*** Begin section ***

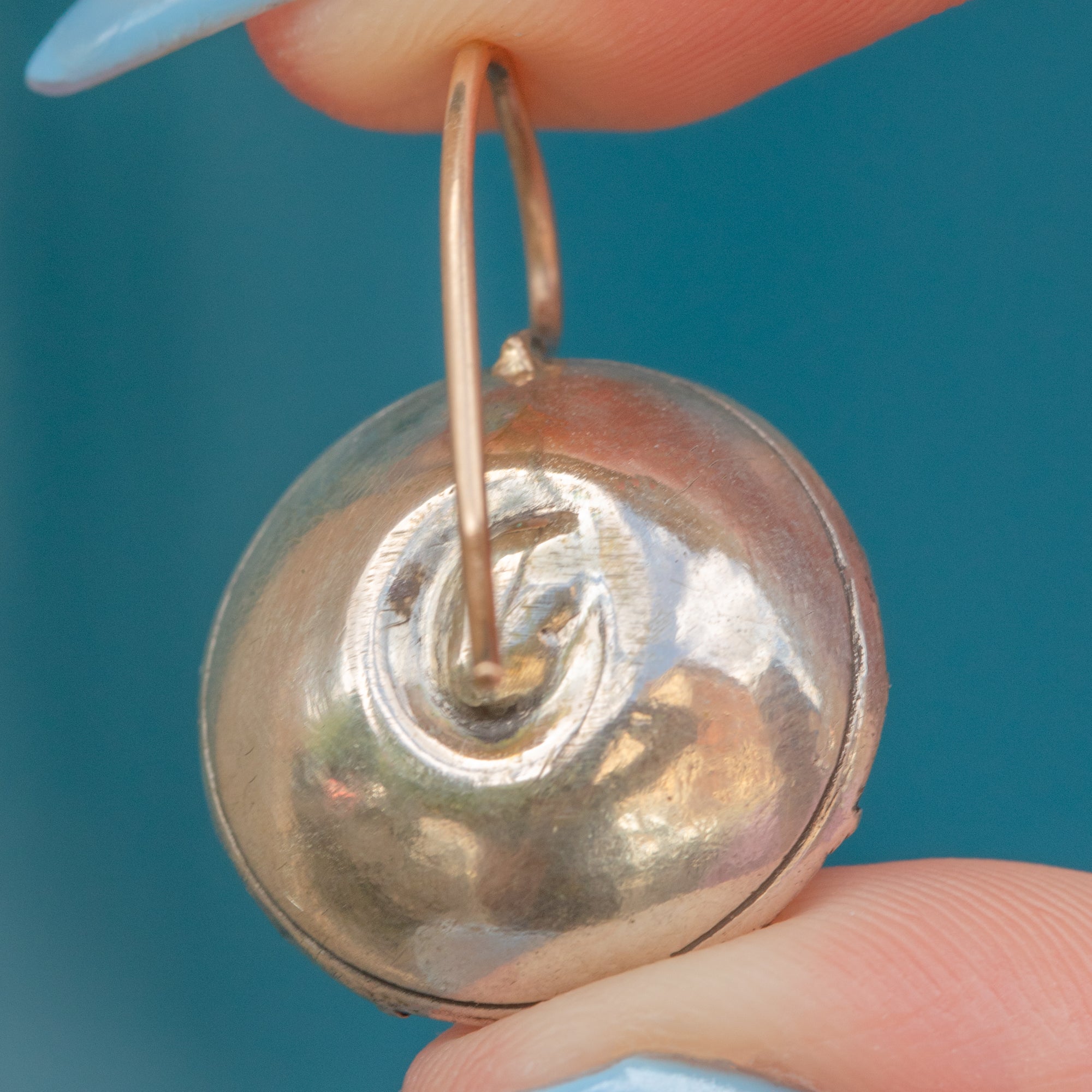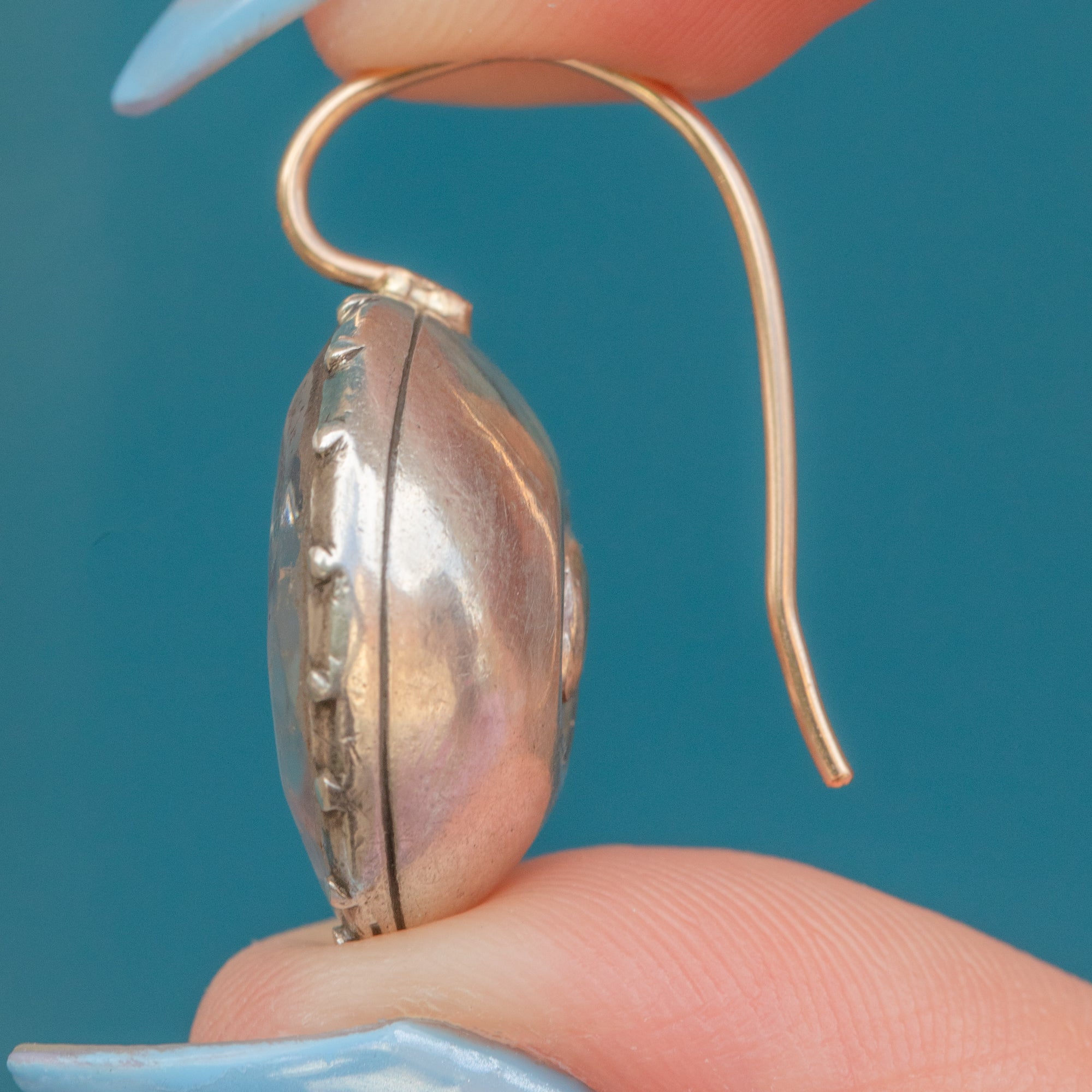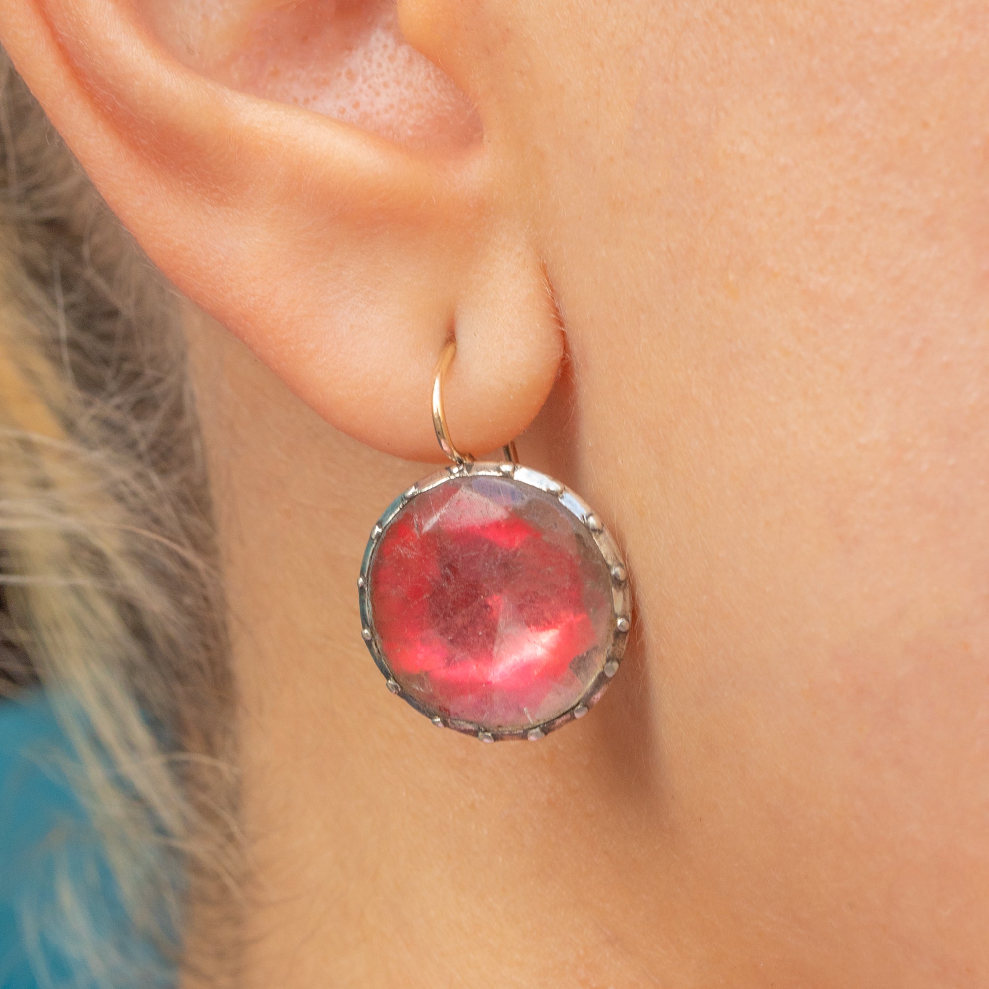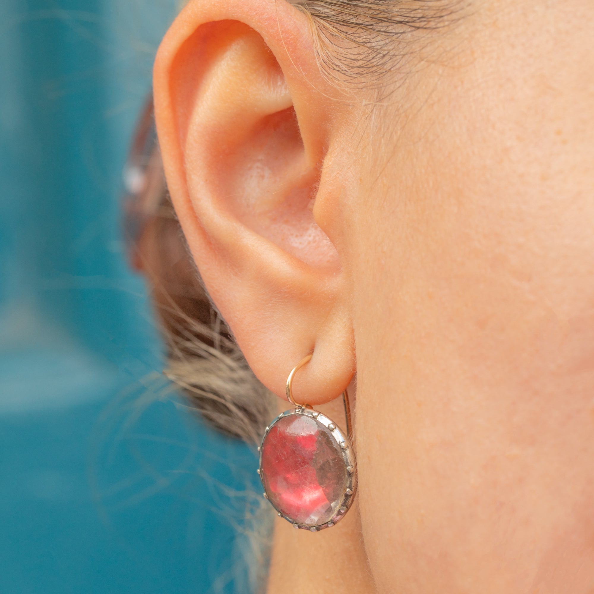 GOOD -VERY GOOD. These Georgian earrings have lasted amazingly well considering their age. The Paste are secure and their foiled backing has lasted beautifully. Both Paste stones have notable surface wear, but the colour is so striking it's not super obvious until you look up close. One of the earrings has a dent on the back, but when you wear them, this isn't visible. The long slender hooks are securely soldered, so you can wear these Queen Anne earrings with utmost confidence!
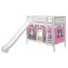 Classic slatted design made from solid, knot free Pine. Flush, color coordinated hardware creates a clean & modern look. Oversized steel hardware & safety cleat ensures solid connections. Pre-assembled components for fast & easy assembly. Each bed tested for 400lb to comfortably sleep kids or adults. Top/bottom slat rolls included – no bunkie board required. With tall 15″ guardrails the bed safely accommodates standard size mattresses. Reversible ladder with wide grooved steps and rounded edges offer comfortable & safe climbing. Recommended for 8 feet ceiling height above. Bunks separate into 2 free-standing full beds. Meets or exceeds federal safety standards. Mattresses, Trundles, Storage Drawers & Vanity panels sold separately.
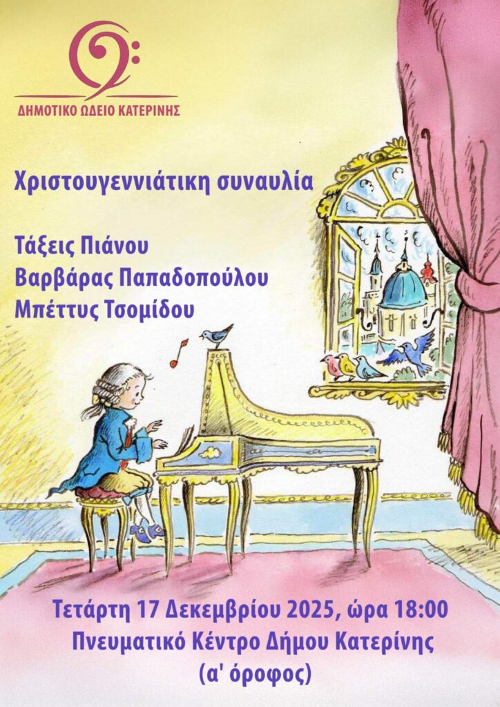Δημοτικό Ωδείο Κατερίνης: Χριστουγεννιάτικη συναυλία Τάξεων Πιάνου Βαρβάρας Παπαδοπούλου & Μπέτυς Τσομίδου – Τετάρτη 17/12 & ώρα 18:00 στο Πνευματικό Κέντρο Δ. Κατερίνης (α’όροφος)
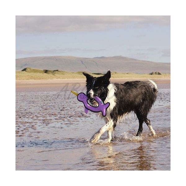Jucărie pentru câini, Beco Rough and Tough - Narval este o jucărie aspră și durabilă, care poate rezista la mestecat și la lupte în timpul jocului.Fabricată din materiale reciclate, reutilizează ceea ce există deja, oferind deșeurilor o a doua viață, încurajând în același timp colectarea și reutilizarea acestora. Are un squeeker interactiv - squeaker.
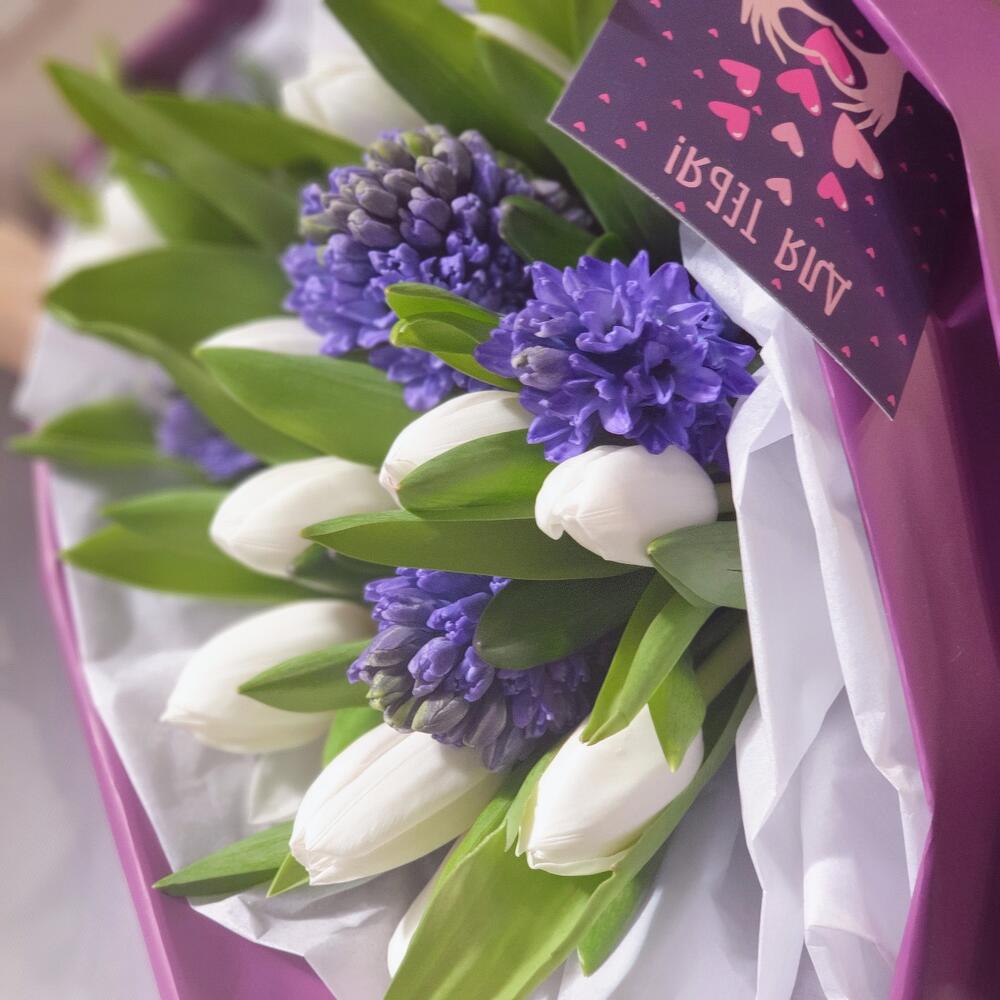 Белые тюльпаны с гиацинтами
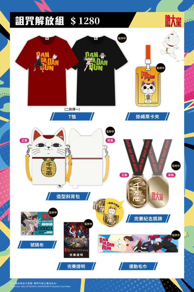詛咒解放組(售價1280元):掛繩票卡夾、造型斜背包、T恤、號碼布、運動毛巾、完賽紀念獎牌、完賽證明
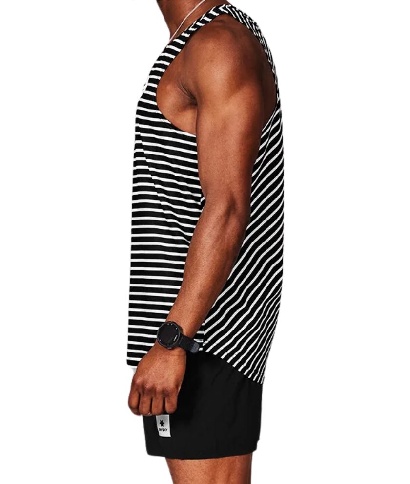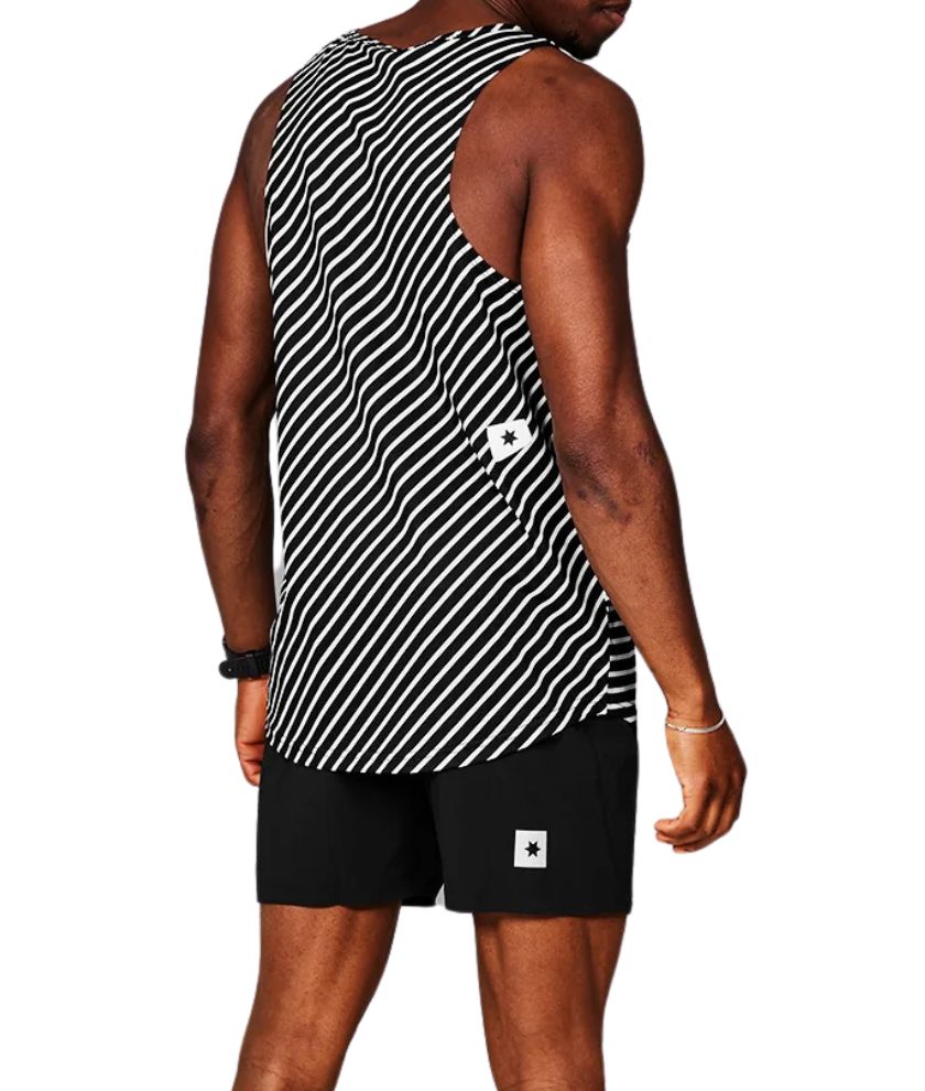 The SAYSKY Stripe Combat Singlet is a regular race singlet in striped print with asymmetrical woven labels on the front and back. The singlet is moisture-wicking and quick-drying, which ensures high breathability and increased airflow. The technical construction reduces the fabric’s ability to cling to your skin. It is made of recycled polyester, which is a high-performance lightweight material that feels soft against the skin and offers high flexibility.
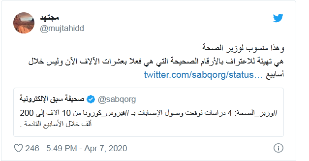 اعتبر المغرد الشهير “مجتهد” تصريحات وزير الصحة السعودي الذي قال ان 4 دراسات توقعت وصول الإصابات بفيروس كورونا من 10 آلاف إلى 200 ألف خلال الأسابيع القادمة اعتبره تهيئة للاعتراف بالأرقام الصحيحة في بلاده.
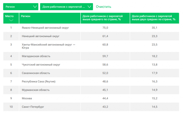 Лидерами рейтинга по доле специалистов с зарплатами выше среднего стали Ямало-Ненецкий, Ненецкий и Ханты-Мансийский автономные округа, в аутсайдерах – Ингушетия, Чечня и Кабардино-Балкария.
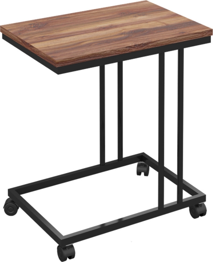 Sidobord av trä och metall.
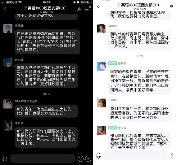 各基层团支部通过线上视频、电话会议等形式传达了共青团河南省十四届八次全委(扩大)会议精神,重点学习了《2020年全省共青团工作要点》和王艺书记题为《把准工作主线 提升“三力一度” 为谱写新时代中原更加出彩绚丽篇章贡献青春力量》的报告。报告总结了过往的成绩、提出了当前的重点、明晰了下步的思路。广大团员通过线上座谈专题学习会议、交流体会等形式认真讨论,学思践悟,大家一致认为,在今后的学习工作中,要提高政治站位,加强理论学习;把灾难当教材,与祖国共成长,提升对学校中心工作和区域经济的贡献度;要提升基层团支部活力,以对标争先为理念,打造团组织堡垒的基石。
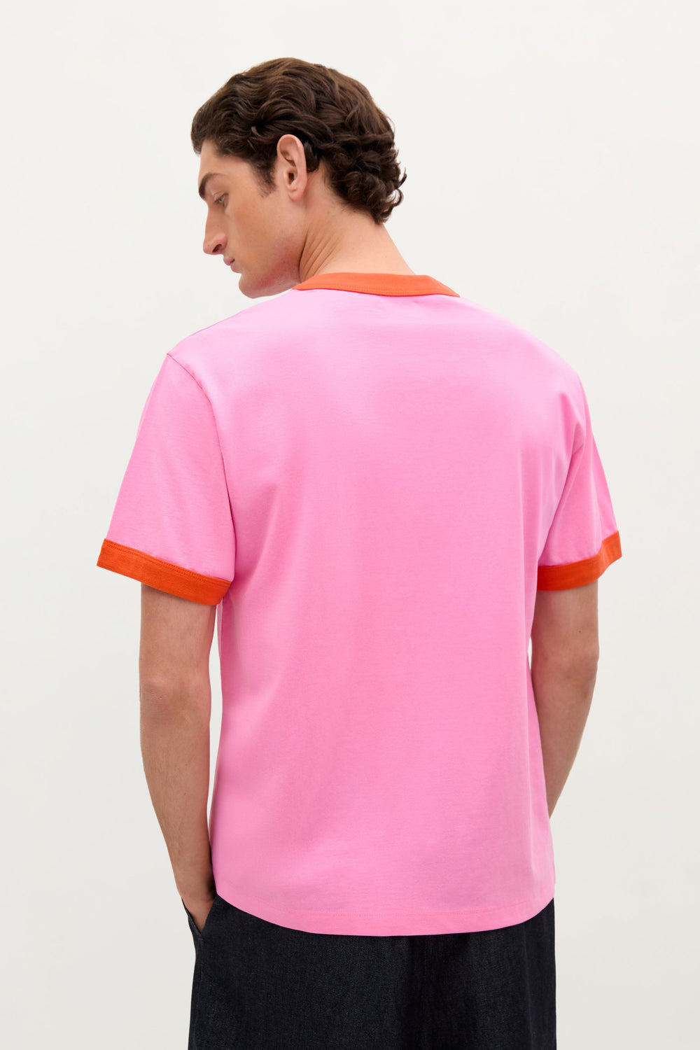 T-shirt made of 100% cotton with front print and contrast piping detail on neck and sleeves. Regular fit, round neck and short sleeves.
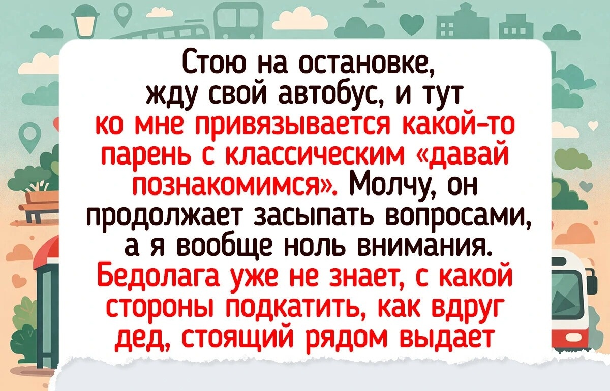 Стою я как-то на остановке, жду свой автобус, и тут ко мне привязывается какой-то парень с классическим «давай познакомимся». Я молчу, он продолжает засыпать вопросами, а я вообще ноль внимания. Бедолага уже не знает, с какой стороны подкатить и чем растопить мое ледяное сердце, как вдруг дед, стоящий рядом и наблюдавший за всей этой драмой, выдает: «Да не майся ты, может, она глухая!» И тут я, конечно, не выдержала и как давай ржать на всю остановку! © ADME

*** End section ***

§ **What the exercise asks**
Leaving out each picture, repeat exactly the lines above from the one that contains "Δημοτικό Ωδείο Κατερίνης: Χριστουγεννιάτικη" through the one that contains "詛咒解放組(售價1280元)".

§ **Response**
Δημοτικό Ωδείο Κατερίνης: Χριστουγεννιάτικη συναυλία Τάξεων Πιάνου Βαρβάρας Παπαδοπούλου & Μπέτυς Τσομίδου – Τετάρτη 17/12 & ώρα 18:00 στο Πνευματικό Κέντρο Δ. Κατερίνης (α’όροφος)
Jucărie pentru câini, Beco Rough and Tough - Narval este o jucărie aspră și durabilă, care poate rezista la mestecat și la lupte în timpul jocului.Fabricată din materiale reciclate, reutilizează ceea ce există deja, oferind deșeurilor o a doua viață, încurajând în același timp colectarea și reutilizarea acestora. Are un squeeker interactiv - squeaker.
 Белые тюльпаны с гиацинтами
詛咒解放組(售價1280元):掛繩票卡夾、造型斜背包、T恤、號碼布、運動毛巾、完賽紀念獎牌、完賽證明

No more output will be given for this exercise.